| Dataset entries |
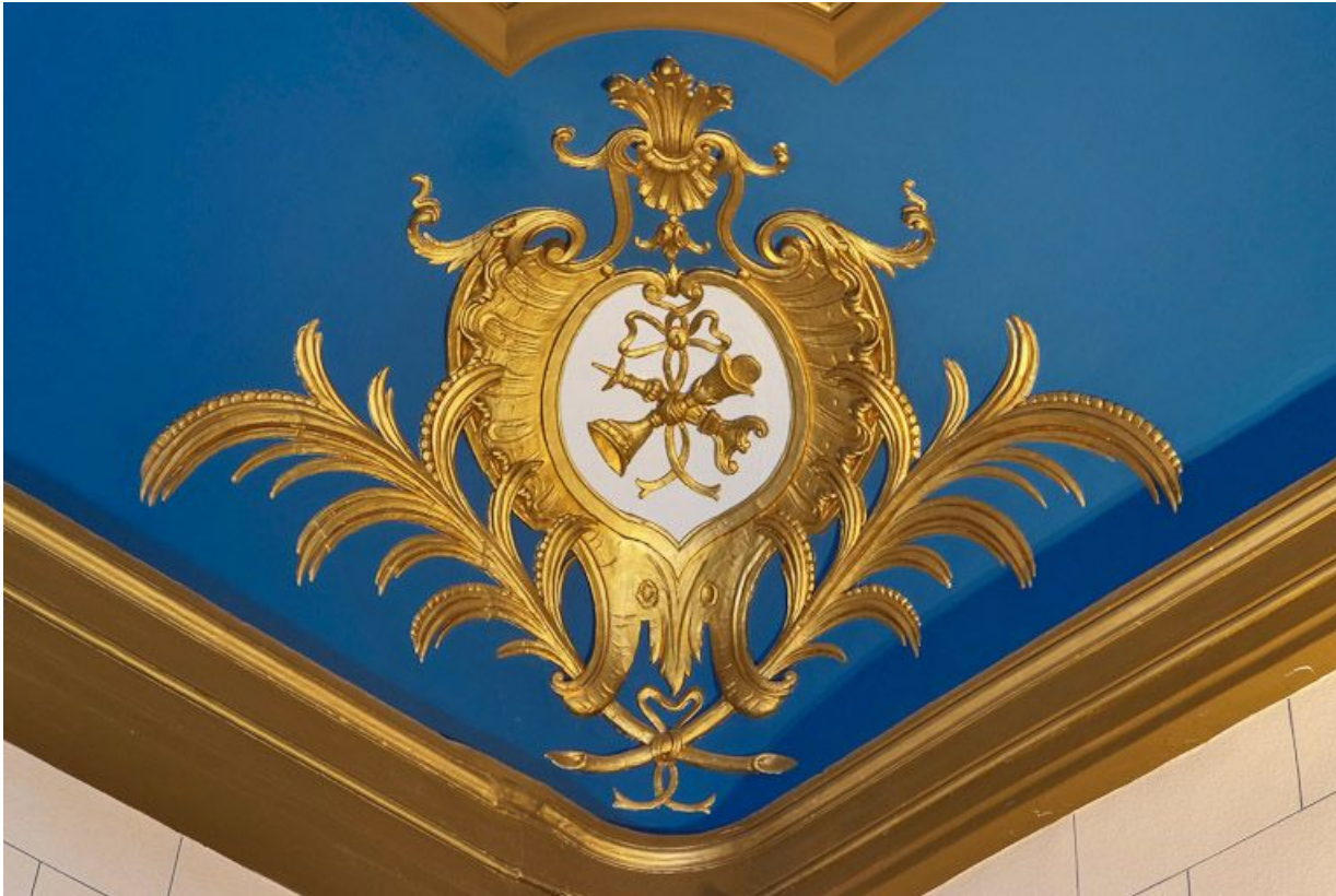
Chapelle : détail du décor du plafond.
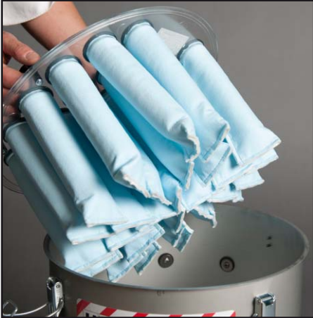
Главный фильтр (канальный фильтр)

Устройство предназначено для выполнения любых операций, сопряженных с образованием мелкодисперсной или опасной для здоровья, канцерогенной пыли, такой как цементная или шлифовальная пыль.
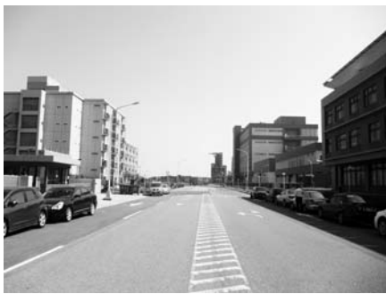
桃園科学技術環境保護パーク

工場は台湾国内に複数あり、主力工場が15万3000平方メートルで、台南市北部に位置する。工場は台湾国内に複数あり、主力工場が15万3000平方メートルで、台南市北部に位置する。
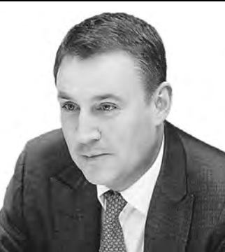
Дмитрий Патрушев, министр сельского хозяйства РФ:

— Урожай 2022 года позволит полностью обеспечить внутренние потребности России и расширить экспортные поставки. На сегодня обмолочены зерновые с 95 процентов площадей, собрано более 150 миллионов тонн. В 2022 году планируется собрать 25,5 миллиона тонн масличных, что является наивысшим показателем за всю историю России, более 43 миллионов тонн сахарной свеклы, семь миллионов тонн картофеля (в сельхозорганизациях и КФХ), около пяти миллионов тонн овощей открытого грунта.
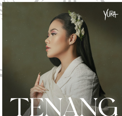
Gambar 1.2 Official Video Yang Ditonton Lebih Dari Tiga Juta Kali

beberapa detik video yang terselamatkan. Dalam Short Movie “Tenang” sendiri berbicara tentang kegelisahan, perenungan, dan pencarian makna hidup yang damai. Dalam versi visualnya, pesan tersebut diperkuat lewat narasi kehilangan dan upaya berdamai dengan rasa duka. Lewat lagu “ Tenang ” dan film pendek ini, ia mengajak pendengar untuk berhenti sejenak, merenung, dan menemukan kedamaian dari dalam diri.
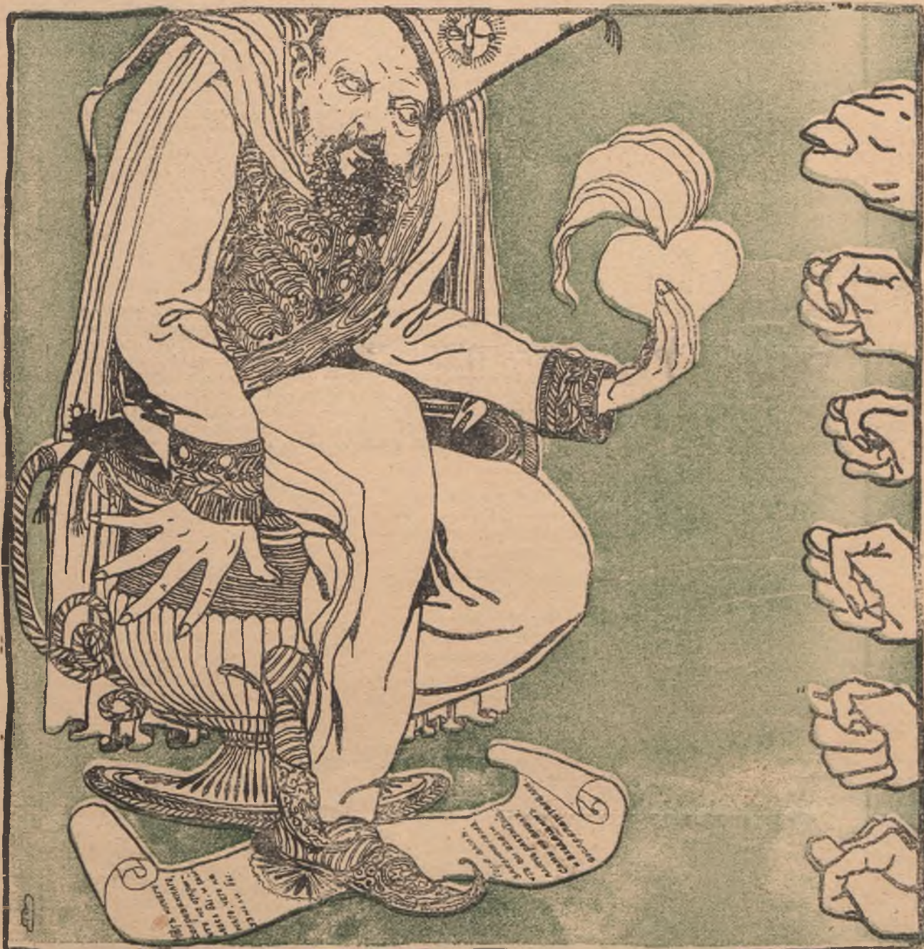
Магъ Витте сидящій на урнѣ благовоній въ знакъ политѣйшей расположенности и искреннѣйшаго добра къ кому-то, держитъ чье-то многострадальное сердце пы-
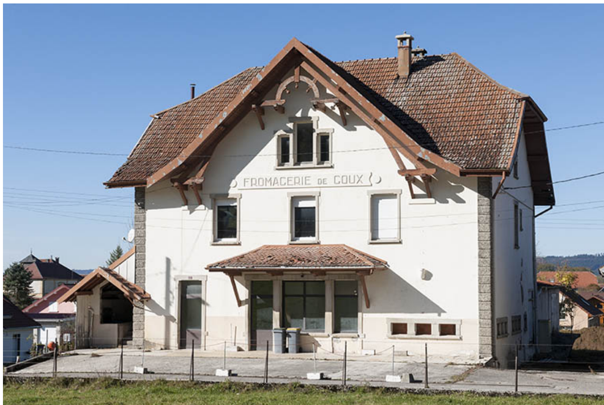
Vue de trois quarts droite.
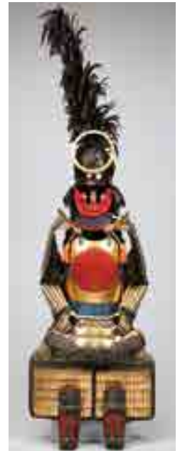
日の丸金箔押紬糸威二枚胴具足(岡山県指定重要文化財)
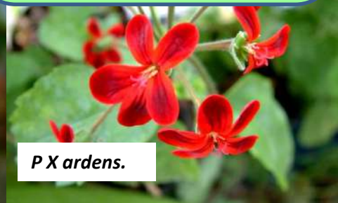
P X ardens.

Section Polyactium (Eckl. & Zeyh.) DC. Polyactium se rapporte à la forme d'étoile des inflorescences à fleurs nombreuses de la plupart des espèces de cette section. Les plantes ont généralement un tubercule souterrain et des tiges pérennes réduites au dessus du sol.
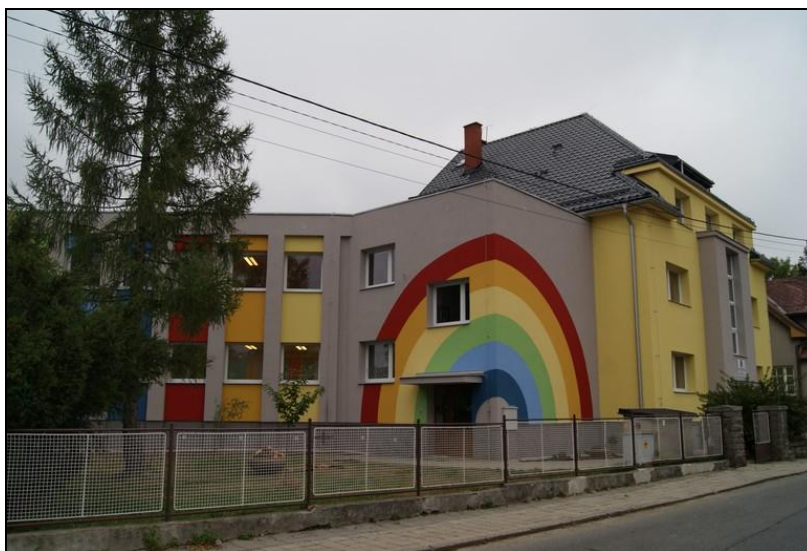
mateřská škola Markova

Přílohou této výroční zprávy je výroční zpráva mateřské školy jako součásti právního subjektu.
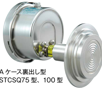
A ケース裏出し型 STCSQ75 型、100 型
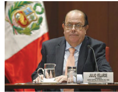
Presidente del BCR, Julio Velarde

El presidente del Banco Central de Reserva (BCR), Julio Velarde, sostuvo el 3 de julio que el proyecto minero Tía María debería aprobarse, pues la empresa a cargo cumplió con todos los requerimientos ambientales que se le requirió. “Los recursos que contribuyen al bienestar de todos los peruanos deben explotarse y (considero que) Tía María debe ejecutarse al cumplir los requisitos para la licencia”, declaró luego de presentar la novena moneda de la Serie Numismática “Fauna Silvestre Amenazada del Perú” alusiva al gato andino. Sin embargo, afirmó que el proyecto Tía María debe iniciarse luego que se obtenga la licencia social de las zonas involucradas.
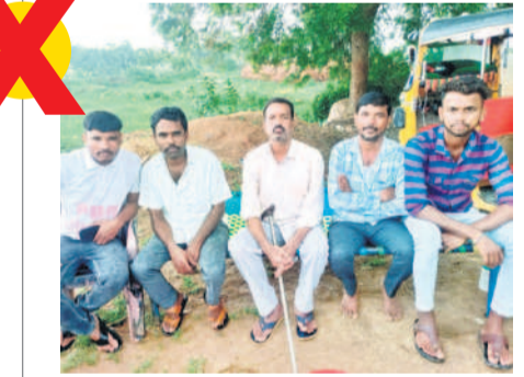
బాన్సువాడలో విలేజరులతో మాట్లాడుతున్న కాంగ్రెస్ నేతలు
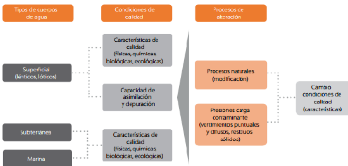
Figura 2. Características de calidad de agua.
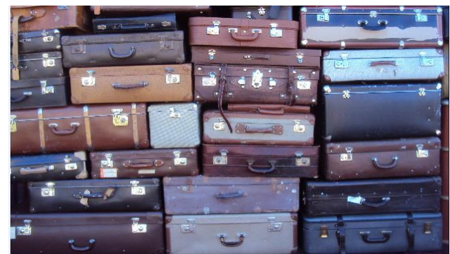
Kommunernas 26 portföljer
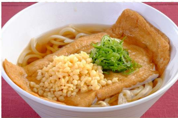
きつねとたぬきのばかしうどん 温 680
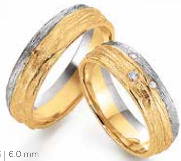
25 | 6,0 mm
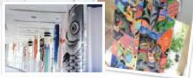
写真はすべて昨年の様子

端午の節句に、子どもたちの健やかな成長を願い、青空を泳ぐこいのぼり。須恵町では、町内の有志の人たちから寄贈いただいたこいのぼりを、今年も掲揚しています。大切に保管され、たくさんの想いが詰まったこいのぼりが、初夏の風を受けて元気よく泳ぐ姿を、ぜひご覧ください。
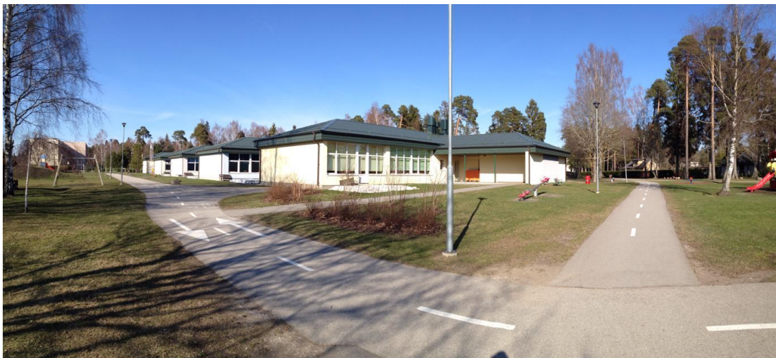
KUVA 2. Rakennus

Vierailuajamme alkaa noin klo 10. Päiväkodin varajohtaja on meitä vastassa. Tapaamme päiväkodin pääovien luona, jota kautta pääsee myös johtajan ja varajohtajan työhuoneisiin ja henkilökunnan tiloihin. Tutustumisen jälkeen kierrämme taloa, jolloin varajohtaja esittelee meille taloa ja perehdyttää päiväkodin tapoihin.
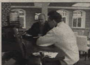
Dla Czytelników „Kuriera” przygotowaliśmy kilka zaproszeń na cappuccino do Cafe Kopernik.
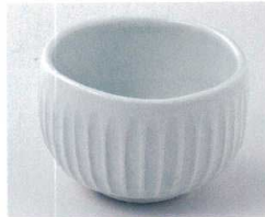
53-101-25 1,500円 青磁ソギ目小抹茶 (9.5×6.5) 605310125
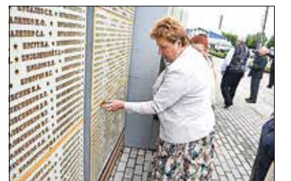
У чумлыцкого мемориального комплекса.

22 июня по всей стране проводятся памятные мероприятия, различные патриотические акции, приспускаются государственные флаги,
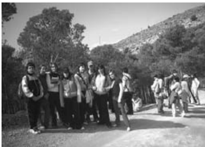
Alumnos y alumnas de 1º y 2º descansan en su excursión a la sierra.

■ Promovidas por el Departamento de Educación Física, todo el alumnado del IES ha podido participar en alguna de las dos excursiones a distintos parajes de la Sierra de Gádor, celebradas los días 1 y 8 de Febrero. El primer día, los chicos y chicas de 1º y 2º subieron Los Borondos hasta llegar a Cortijo Clavero. Siete días más tarde, las alumnas y los alumnos de 3º y 4º realizaban una ruta más larga, por el Cortijo Clavero, Cortijo Blanco y Fuente Vieja.
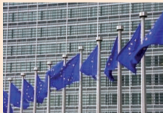
Sede de la Comisión Europea en Bruselas

El Programa Salud para el Crecimiento tiene por finalidad ayudar a los países de la UE a reaccionar con eficacia ante los retos económicos y demográficos que afrontan sus sistemas de salud.
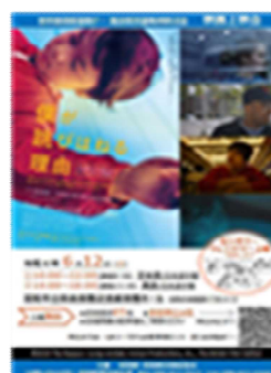
映画「僕が跳びはねる理由」 上映会チラシ
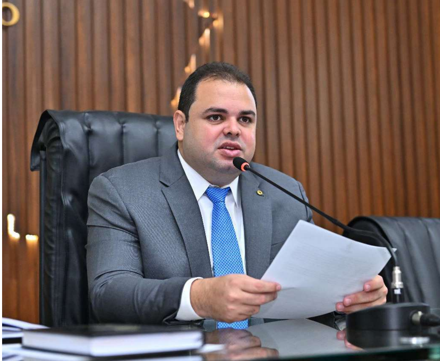
O deputado destinou, em seu primeiro mandato, R$ 9,5 milhões em emendas parlamentares para projetos em todo o Estado.

"Vivemos momentos difíceis na pandemia e a educação foi um dos setores da sociedade mais duramente atingidos. Nossas crianças e jovens foram penalizados e até hoje não conseguiram se recuperar completamente. Nossa lei chega com o intuito de reforçar a importância da educação e também para impedir que os serviços educacionais sejam descontinuados, mas que se encontrem meios e medidas para que os efeitos nocivos da suspensão do ensino sejam mitigados. Os estudantes, sobretudo, as crianças em tenra idade necessitam que a educação seja mantida em
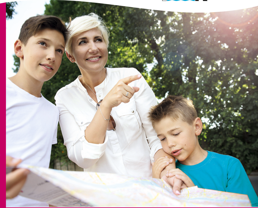
Titelbild: Fotolia © emkaphotos
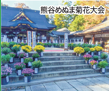
熊谷めめ菊花大会
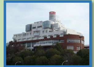
マリンロッジ海風館
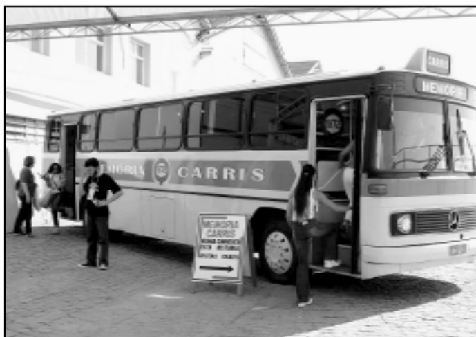
Bancos de bonde e painéis com fotos antigas estão no acervo

Diretores e professores de escolas da Capital que quiserem agendar uma visita do Museu Itinerante da Carris, que é sempre acompanhada por uma monitora de História, podem ligar para 3289-2143 ou enviar fax para a Assessoria de Comunicação e Marketing da empresa, no telefone 3289-2102, ou e-mail para asscom@carris.com.br .
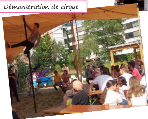
Démonstration de cirque
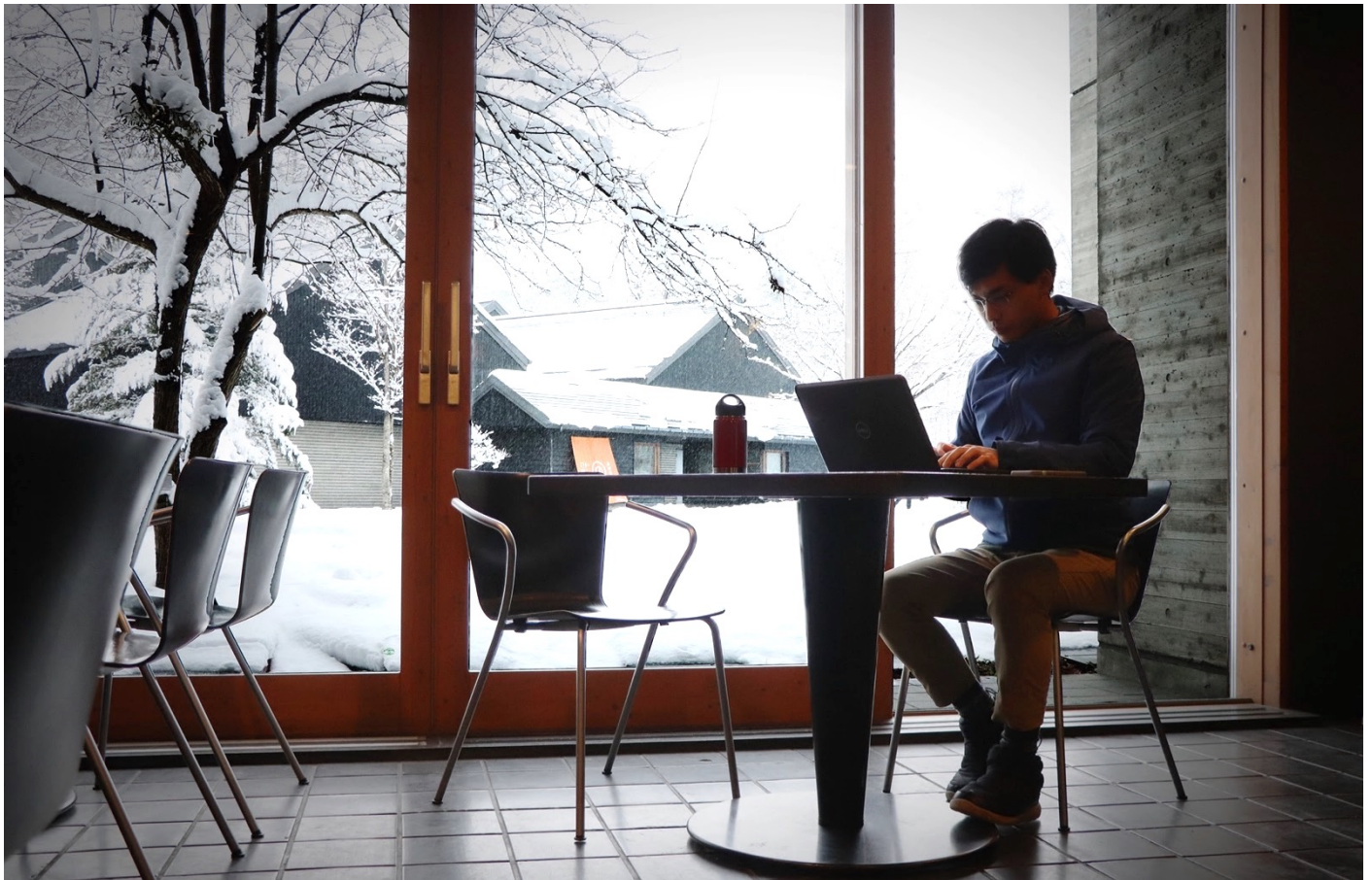
星野温泉 トンボの湯近くのカフェでワーケーション

星野リゾートが運営する自然と文化を愛する人々が集う場所「軽井沢星野エリア」では、ワークプレイスとリフレッシュメント（心身の爽快）を組み合わせた「温泉ワーケーションプラン」を2020年1月17日～3月19日に販売します。温泉ワーケーションをサポートする7つ道具を持って、「星野温泉 トンボの湯」をはじめ、軽井沢星野エリアの様々な場所でワーケーション体験ができる、ビジネスパーソンに向けたプランです。
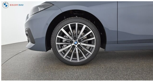
Mittleres der GADY Family
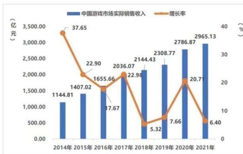
图1 中国游戏市场实际销售收入及增长率
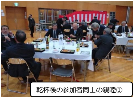
乾杯後の参加者同士の親睦①
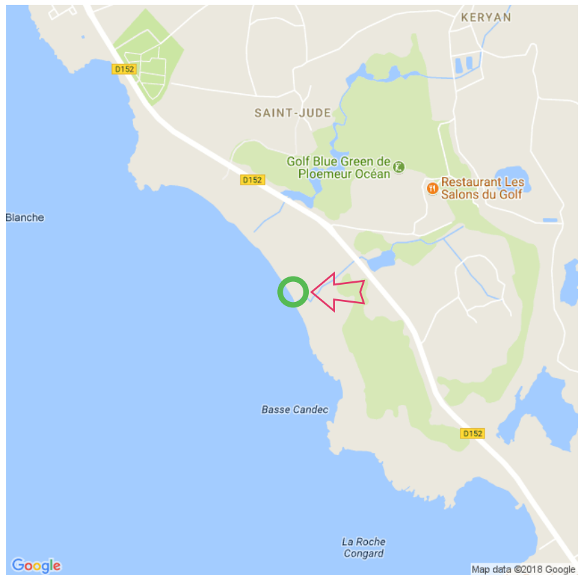
Plage des Kaolins (17-01-2018)
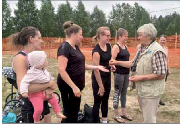
Naisten mestaruus meni Hetekylään, naisten joukkueita oli kuusi.
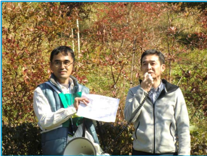
主催者・福田部長ご挨拶
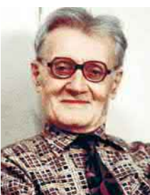
Васо АБАЕВ (1901-2001), академик:
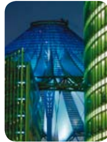
독일 소니 센터
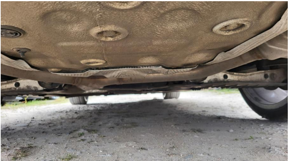
Fot. 26 Spód pojazdu tył

| Required work |
Out of the records above, set down only the lines from the one that contains "do Cafe Kopernik." through the one that contains "Alumnos y alumnas", unchanged and without the pictures.

| Response to this task |
Dla Czytelników „Kuriera” przygotowaliśmy kilka zaproszeń na cappuccino do Cafe Kopernik.
53-101-25 1,500円 青磁ソギ目小抹茶 (9.5×6.5) 605310125
У чумлыцкого мемориального комплекса.

22 июня по всей стране проводятся памятные мероприятия, различные патриотические акции, приспускаются государственные флаги,
Alumnos y alumnas de 1º y 2º descansan en su excursión a la sierra.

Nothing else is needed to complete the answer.